Crews, Nina. 2004. NEIGHBORHOOD MOTHER GOOSE. New York: HarperCollins. ISBN 0060515732

Nina Crew's new adaptation of Mother Goose rhymes is stunningly original. Instead of pastels or even primary colored illustrations, she uses digitally enhanced photographs in vivid color that extend to the very edges of the pages. The book is peopled with a group of multiethnic children that move from verse to verse through the pages. Children will recognize the children as they continue reading through the rhymes. The result is a Mother Goose collection that focuses on real children in the real world.

Because the photographs ground the rhymes in reality, the verses take on new relevance. Most Mother Goose rhymes are featured in whimsical pastels that pay homage to their English roots. Nina Crew's photographs are taken in and around her Brooklyn neighborhood featuring happy children playing in the modern world. She digitally enhances most of the pictures to add whimsy to the lushly realistic photos. In "Hey Diddle Diddle!" there is a cat holding a violin, a giant plate and spoon towering over a fence, and an actual cow jumping over the moon. In "To Market, to Market" she features a child walking down the street in front of stores holding a brown paper bag with a real pig in it. Often she shrinks the size of the children and places them with actual-sized objects, as in "Peter Piper" and in "There was an Old Woman who Lived in a Shoe."

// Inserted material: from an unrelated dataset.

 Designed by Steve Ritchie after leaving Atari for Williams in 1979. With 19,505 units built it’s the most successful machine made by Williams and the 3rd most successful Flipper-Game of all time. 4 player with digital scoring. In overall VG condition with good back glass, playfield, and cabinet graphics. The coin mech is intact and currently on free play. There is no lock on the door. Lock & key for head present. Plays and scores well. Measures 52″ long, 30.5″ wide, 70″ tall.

The Neighborhood Mother Goose includes many old favorite nursery rhymes, but also many less familiar, such as "Girls and Boys, come out to play" and "One Two, / Whatever you do." Older children may be surprised by the inclusion of verses that are unfamiliar to them, but younger children will be open to learning these new ones, as the rhymes seem especially relevant as presented here with children just like them. Grownups, on the other hand, may be taken aback by their reactions to this innovative treatment of an old classic.